We now have a promise that returns an array of log files. We can call then again on that, and put the timestamp-counting logic in there. Something like this:

function activityTable(day) {
  return textFile("camera_logs.txt").then(files => {
    return Promise.all(files.split("\n").map(textFile));
  }).then(logs => {
    // analyze...
  });
}

Or you could, for even better work scheduling, put the analysis of each file inside of the Promise.all, so that that work can be started for the first file that comes back from disk, even before the other files come back.

function activityTable(day) {
  let table = []; // init...
  return textFile("camera_logs.txt").then(files => {
    return Promise.all(files.split("\n").map(name => {
      return textFile(name).then(log => {
        // analyze...
      });
    }));
  }).then(() => table);
}

Which shows that the way you structure your promises can have a real effect on the way the work is scheduled. A simple loop with await in it will make the process completely linear—it waits for each file to load before proceeding. Promise.all makes it possible for multiple tasks to conceptually be worked on at the same time, allowing them to make progress while files are still being loaded. This can be faster, but it also makes the order in which things will happen less predictable. In this case, where we’re only going to be incrementing numbers in a table, that isn’t hard to do in a safe way. For other kinds of problems, it may be a lot more difficult.

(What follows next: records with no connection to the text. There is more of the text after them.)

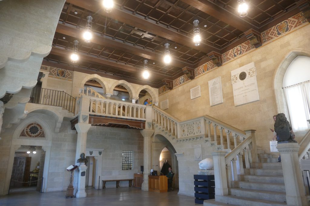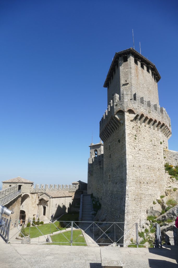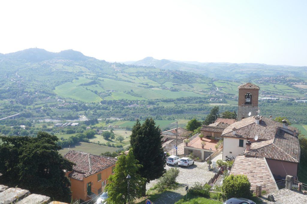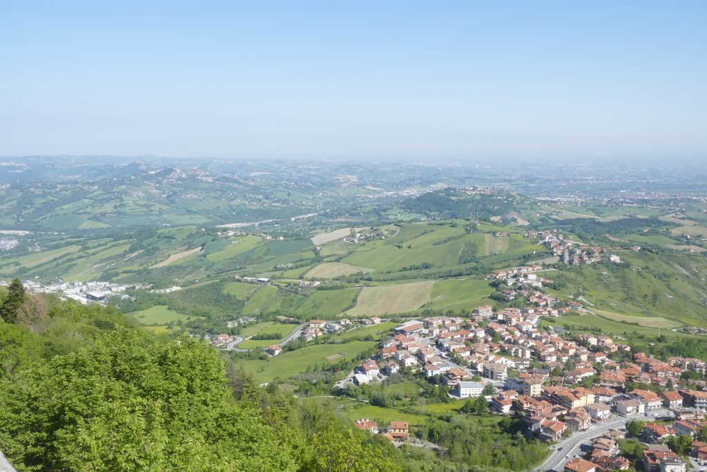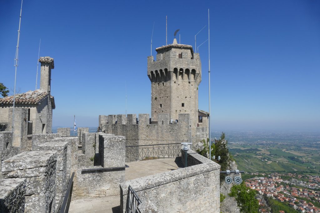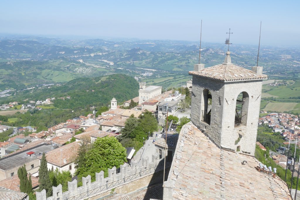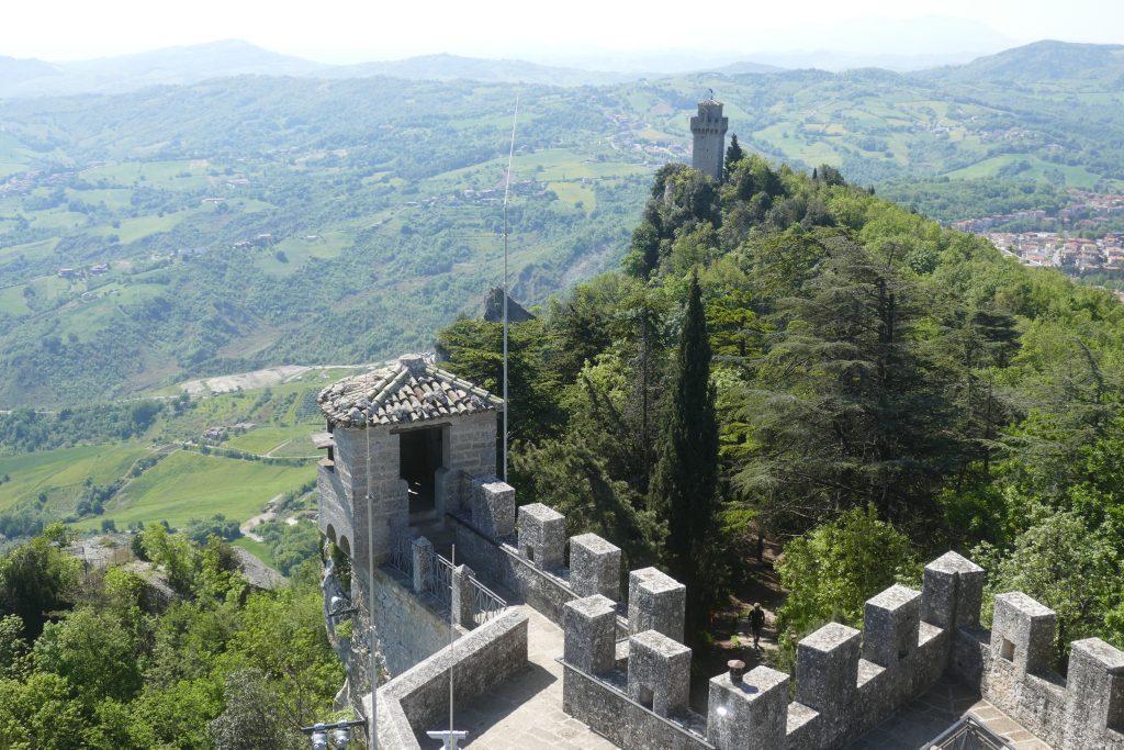 Wir fahren wieder hinunter nach Ponte Verucchio, um von hier die Wanderung Ponte Verucchio – Saiano – Montebello – Torriana – Ponte Verucchio zu unternehmen. Zuerst laufen wir entlang des Flusses Marecchia bis wir hoch oben auf einem Felsvorsprung auf 260 m Höhe das Heiligtum von Saiano erblicken in einer strategischen Position zwischen Montebello, Pietracuta, Verucchio und San Marino. Nun geht es auf einem breiten Schotterweg hinauf zum Castello di Montebello, auch Castello di Guidi di Bagno genannt. Es ist eine mittelalterliche Burg auf einem Hügel über Montebello di Torriana, deren Fundamente direkt auf dem Gipfel eines Berges liegen. Die Burg befindet sich an der früheren Hauptverbindung zum Montefeltro und zur Toskana. Auf einer kleinen Straße müssen wir jetzt ein Stück bergab, um dann wieder hinauf nach Poggio Torriana zu steigen, mit den Überresten der Malatesta-Burg und einem Turm. Von hier haben wir bei unserem Picknick einen herrlichen Panoramablick auf die Täler des Valmarecchia, Verucchio und San Marino. Im Anschluss fahren wir weiter nach San Marino. Die Republik San Marino gehört zu den kleinsten Staaten der Erde und ist gleichzeitig auch die älteste bestehende Republik der Welt.
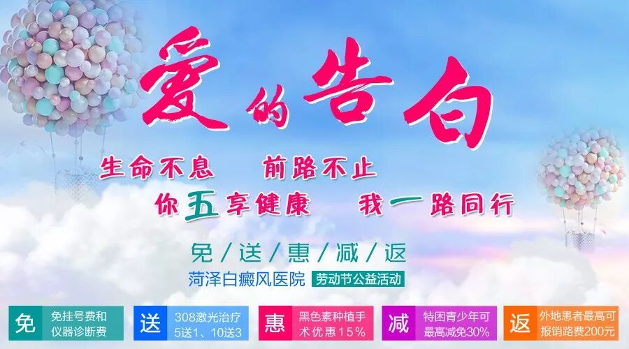 春生、夏长,春天已悄然走去,夏天也缓步而来。五月随着气温不断升高,白癜风进入高发季节,同时也是治疗的最佳时节。为帮助广大患者做好夏季白癜风的治疗,菏泽白癜风医院特展开“五享健康、一路同行——爱的告白”公益活动,让更多的白癜风患者早日康复,一生无忧。
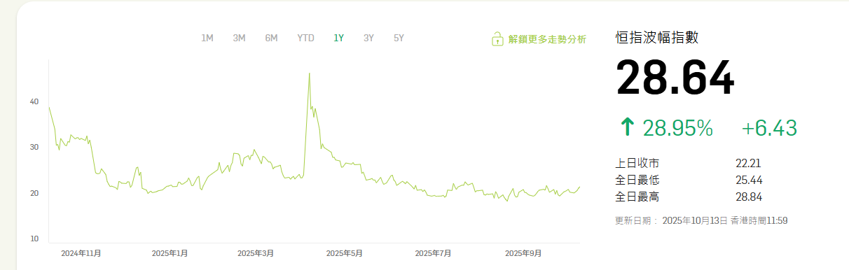 10月13日早盘,港股低开低走,截至早盘收市,恒生指数跌幅扩大至3.49%,报25373.43点。港股版“恐慌指数”恒指波幅指数飙升近29%,创2025年5月以来新高。
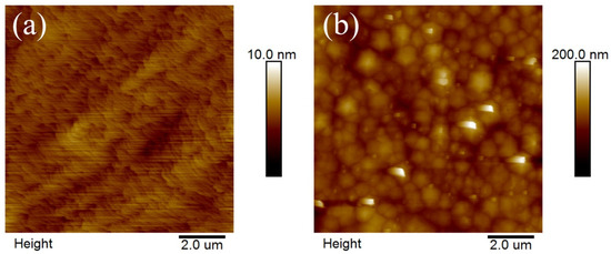 AFM surface morphology of planar III-polar (a) and N-polar (b) MQW samples.

When a file in the list doesn’t exist, the promise returned by textFile will be rejected. Because Promise.all rejects if any of the promises given to it fail, the return value of the callback given to the first then will also be a rejected promise. That makes the promise returned by then fail, so that the callback given to the second then isn’t even called, and a rejected promise is returned from the function.

Building Promise.all

As we saw, given an array of promises, Promise.all returns a promise that waits for all of the promises in the array to finish. It then succeeds, yielding an array of result values. If a promise in the array fails, the promise returned by all fails too, with the failure reason from the failing promise.

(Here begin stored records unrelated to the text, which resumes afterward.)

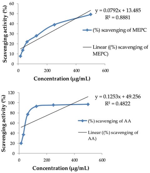 Reactive oxygen and nitrogen species are chemical species that incorporate radical and non-radical oxygen species formed by the decrease of oxygen (H2O2, HO•, NO• and ONOO¯) [58]. The source of ROS/RNS is oxidative phosphorylation in mitochondria by the leaking of electron that generates free oxygen radicals [58,59]. Moderate concentrations of ROS play vital roles in numerous biologic processes (cell cycle regulation, phagocytosis, gene expression and cell signaling), whereas excess production can be lead to severe pathologic damages. In particular, increased concentrations of ROS led to OS, which is required to neutralize and detoxify byproducts and biologic system [59,60,61,62]. Inside the body, antioxidants act to inhibit the reactions among free radicals and biologic substances by interrupting the reaction of radical oxidation [63]. Various techniques are utilized to assess the radical-scavenging activity of antioxidants. DPPH-scavenging strategy is a favored technique since it is quick, simple and reliable. DPPH is a steady, synthetic radical that does not break down in water, methanol or ethanol. The free radical-scavenging activity of plant extracts rely upon the capacity of compounds to release hydrogen and the basic conformation of these compounds [64]. In our present study, the DPPH radical-scavenging assay of MEPC and ascorbic acid was presented in Figure 6. The inhibitory concentration (IC50) of MEPC was 461.05 µg/mL, whereas for the standard drug ascorbic acid showed 5.94 µg/mL (Table 3). MEPC and ascorbic acid exhibited a concentration-dependent radical-scavenging activity where 49.06% and 97.05% highest scavenging activity was observed by 500 µg/mL dose of ascorbic acid and MEPC, respectively.
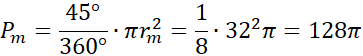 Obliczmy pole powierzchni zadanego wycinku na większej pizzy:
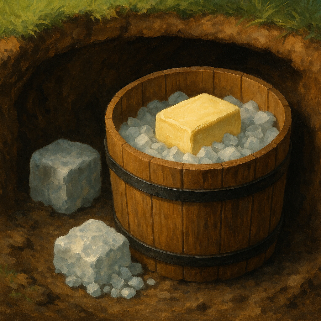 Сливочное масло, завернутое в плотную ткань, лежит в деревянной бадье, окруженной кусками льда, добытого зимой из замерзшей реки. Бадья спрятана под землей, чтобы жаркое солнце не испортило продукт. И вот вы уже в XIX веке — там, где первые холодильники были больше похожи на хитрые сундуки с морозом внутри. До появления технологий охлаждения сохранность продуктов была настоящей битвой с природой. Лёд заготавливали зимой и хранили в ледниках — глубоких ямах или деревянных срубах, засыпанных землёй и дерном. В Европе на богатых столах блюда подавали в фарфоровых емкостях, утопленных в снегу или льду. Это был роскошный способ продлить свежесть, доступный далеко не каждому. В 1748 году шотландский профессор Уильям Каллен провел демонстрацию искусственного охлаждения, используя вакуум и испарение эфирных жидкостей. Зрелище впечатляло, но практической пользы от опыта тогда не нашли — слишком сложно и дорого. В 1803 году фермер и изобретатель Томас Мур решил перевезти сливочное масло на рынок
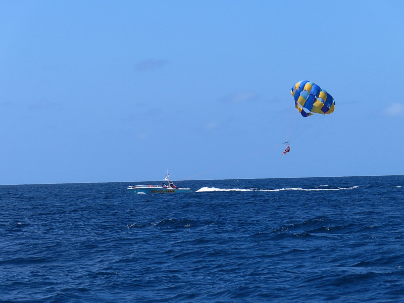 As we sailed back towards the harbour, people all around us were enjoying a side range of sea-based activities. The bays were full of craft from which people were snorkelling or scuba-diving, whilst a few people attempted other adventurous pursuits such as jet-boating and para-sailing.
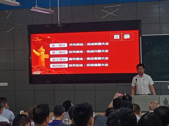 党课围绕“开天辟地 完成救国大业”、“改天换地完成兴国大业”、“翻天覆地 推进富国大业”、“惊天动地 实现强国大业”四方面展开。

Implement something like this yourself as a regular function called Promise_all.

Remember that after a promise has succeeded or failed, it can’t succeed or fail again, and further calls to the functions that resolve it are ignored. This can simplify the way you handle failure of your promise.

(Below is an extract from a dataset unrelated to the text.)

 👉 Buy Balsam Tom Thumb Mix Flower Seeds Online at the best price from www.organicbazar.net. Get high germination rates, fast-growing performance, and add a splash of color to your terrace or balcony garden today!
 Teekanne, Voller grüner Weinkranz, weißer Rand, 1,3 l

function Promise_all(promises) {
  return new Promise((resolve, reject) => {
    // Your code here.
  });
}

// Test code.
Promise_all([]).then(array => {
  console.log("This should be []:", array);
});
function soon(val) {
  return new Promise(resolve => {
    setTimeout(() => resolve(val), Math.random() * 500);
  });
}
Promise_all([soon(1), soon(2), soon(3)]).then(array => {
  console.log("This should be [1, 2, 3]:", array);
});
Promise_all([soon(1), Promise.reject("X"), soon(3)])
  .then(array => {
    console.log("We should not get here");
  })
  .catch(error => {
    if (error != "X") {
      console.log("Unexpected failure:", error);
    }
  });
Display hints...

The function passed to the Promise constructor will have to call then on each of the promises in the given array. When one of them succeeds, two things need to happen. The resulting value needs to be stored in the correct position of a result array, and we must check whether this was the last pending promise and finish our own promise if it was.

The latter can be done with a counter that is initialized to the length of the input array and from which we subtract 1 every time a promise succeeds. When it reaches 0, we are done. Make sure you take into account the situation where the input array is empty (and thus no promise will ever resolve).

Handling failure requires some thought but turns out to be extremely simple. Just pass the reject function of the wrapping promise to each of the promises in the array as a catch handler or as a second argument to then so that a failure in one of them triggers the rejection of the whole wrapper promise.